Il était seulement neuf heures quand je suis arrivé chez le coiffeur. J’y vais toujours aussi tôt car je
travaille de nuit et il y a beaucoup moins de monde à cette heure-ci, à vrai dire il n’y a jamais
personne à part moi. Mais ça, c’est d’habitude… Ce jour-là je n’étais pas seul, une femme était déjà
présente et lisait un magazine, je l’ai aperçu à travers la vitrine. Alors que la cloche teintait au-dessus
de ma tête, je saluais la coiffeuse au fond de la boutique et observais cette étrange femme venue
troubler mon passage chez le coiffeur. D’évidence elle ne travaillait pas la nuit. Nous, les travailleurs
nuptiaux, on pourrait se reconnaitre entre mille. Et j’étais prêt à parier que cette femme n’en était
pas une.

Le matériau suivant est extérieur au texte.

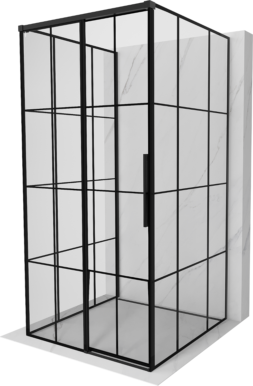 Mexen Rox-3S cabina de ducha de 3 paredes corrediza izquierda 100 x 100 cm, cuadricula negra, negro - 8C2-100-100-70-77-3S-L

Que pouvaient bien faire les gens de leur journée pour venir se coiffer à neuf heures du
matin ? Sûrement une chômeuse… Elle lisait un magazine étrange dont la page de couverture était
encore une de ces femmes retouchées à qui les femmes ordinaires essaient désespérément de
ressembler, par exemple avec des coupes chez le coiffeur valant la moitié de mon salaire… Alors que
je nourrissais un mépris profond pour cette conformiste du matin, elle leva ses yeux vers moi.

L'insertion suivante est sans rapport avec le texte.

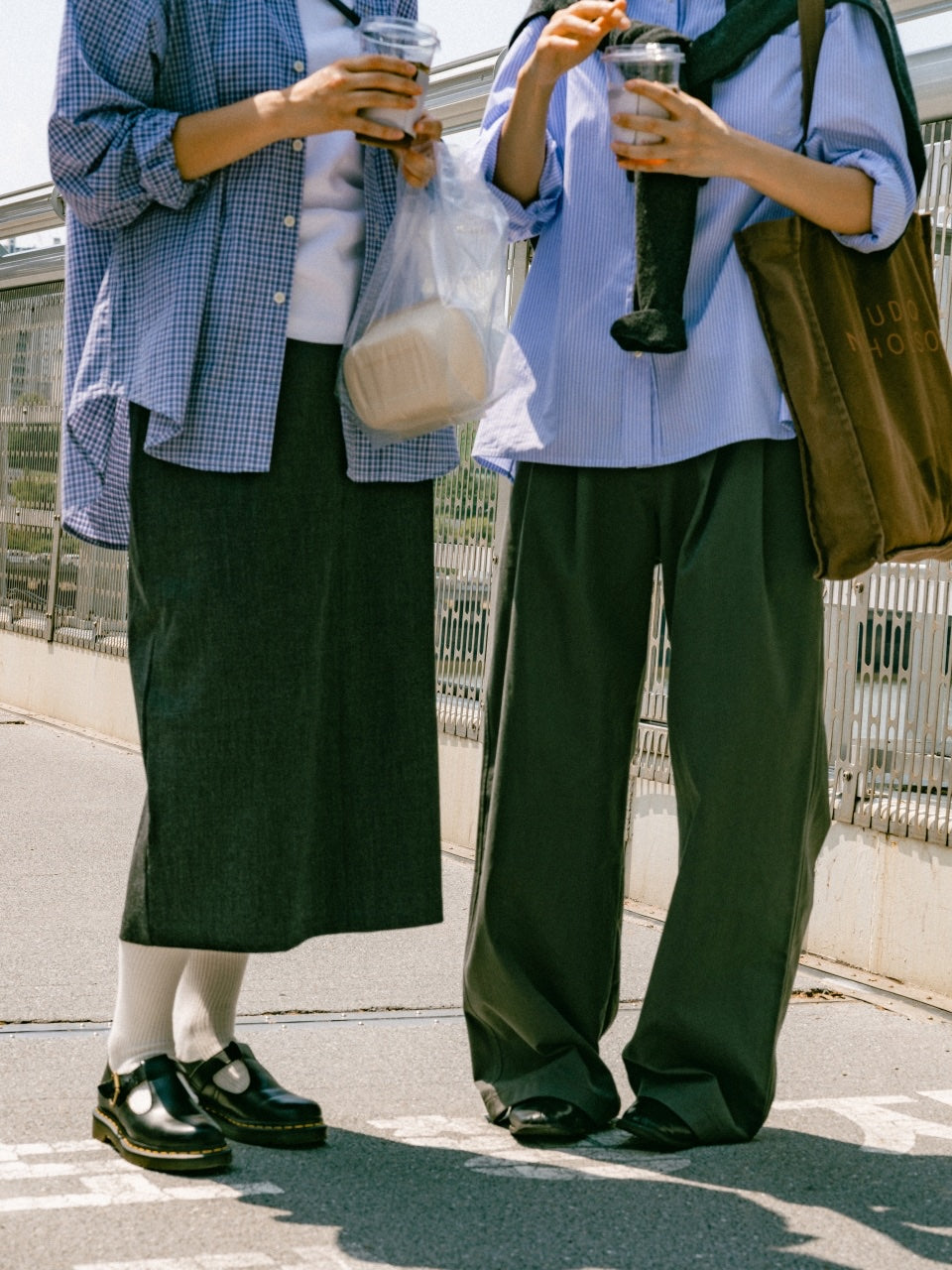 棉·尼龍混紡材質,具輕盈活潑的質感和優秀的透氣性,易於清洗和打理。柔和的色調搭配多樣上衣簡單自然,無論是正式場合或休閒場合皆相得益彰。

Il était barbu et avait d’énormes cernes, sûrement un de ces pauvres hommes qui travaillent la nuit,
ce qui expliquait sa présence si tôt… Heureusement que des gens comme lui s’occupent de faire ce
que personne ne veut faire, sans quoi notre société serait bien embêtée. Alors que je posais mon
magazine de sciences (certes parsemé de pubs étranges) je me mis à me demander ce que je
pourrais faire pour mon métier (je suis responsable d’une association qui lutte contre les maladies
des enfants) pendant la nuit. A part distribuer des tracts de prévention dans les discothèques, je
n’imaginais rien. Cette pensée me fit sourire et me rappela qu’il faudrait que je sois parfaite et
souriante à la séance de onze heures, le financement de ma campagne en dépendait, et ceci valait
bien un petit passage chez le coiffeur.